● **Exercise description**: Your output should match the listing below word for word, without any images.

● **Given information**:
*** Block opens ***

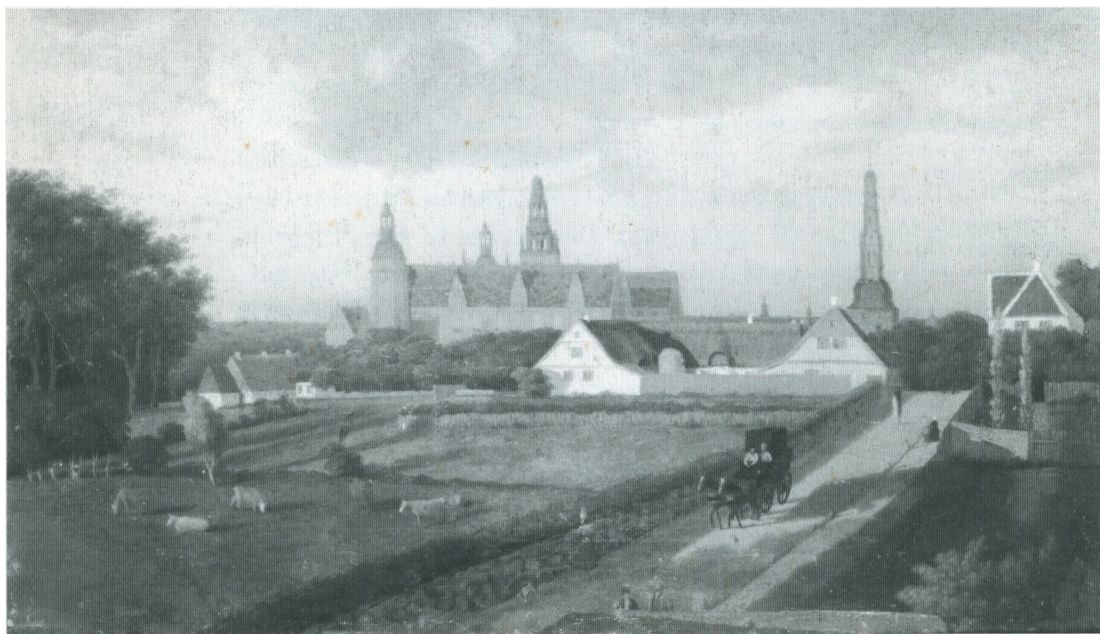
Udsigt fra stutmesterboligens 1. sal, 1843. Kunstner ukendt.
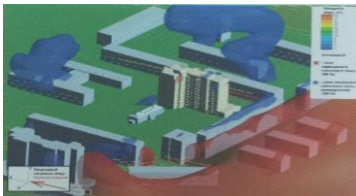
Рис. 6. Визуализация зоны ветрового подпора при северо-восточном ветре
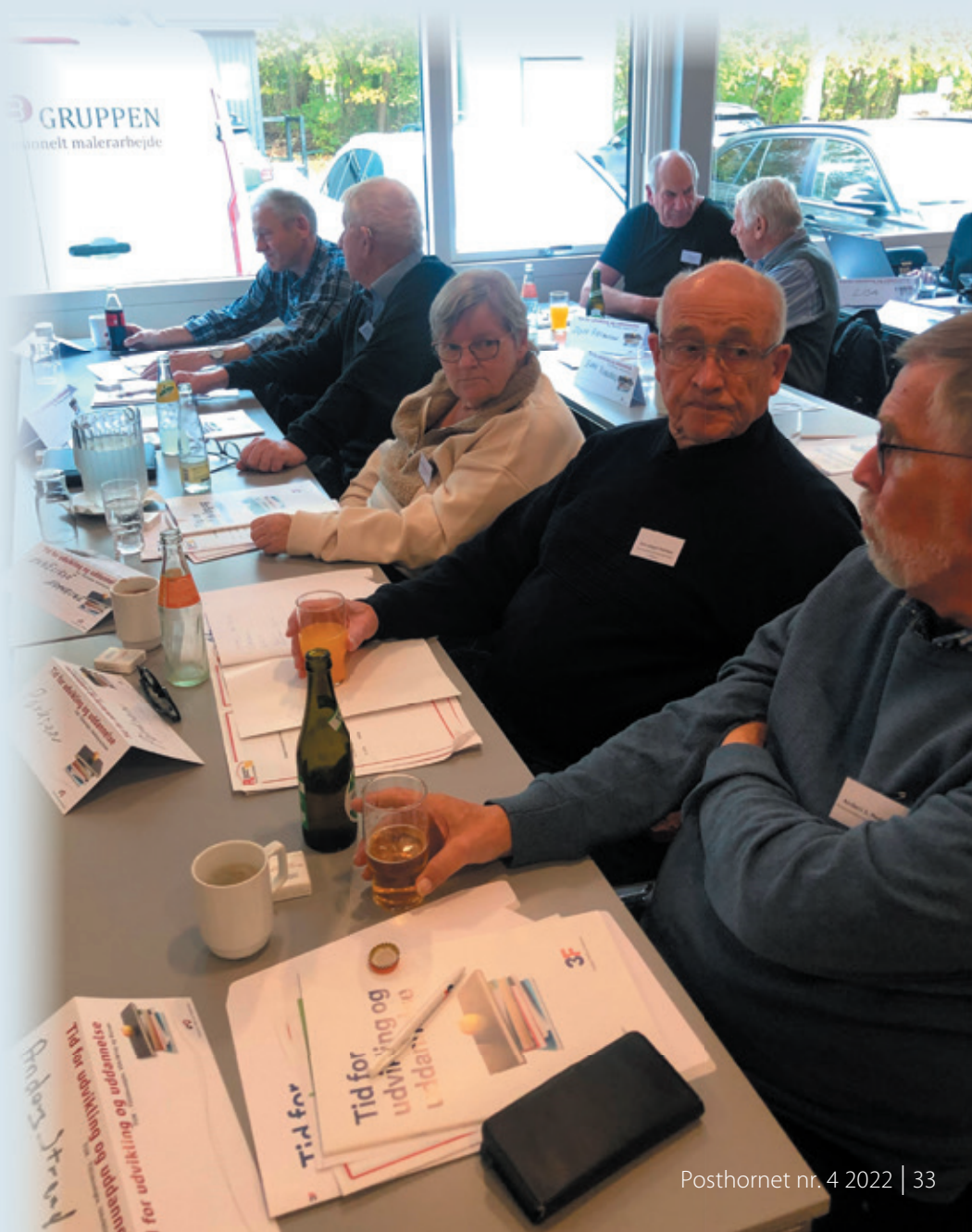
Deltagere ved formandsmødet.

*** Block closes ***

● **Final answer**:
Udsigt fra stutmesterboligens 1. sal, 1843. Kunstner ukendt.
Рис. 6. Визуализация зоны ветрового подпора при северо-восточном ветре
Deltagere ved formandsmødet.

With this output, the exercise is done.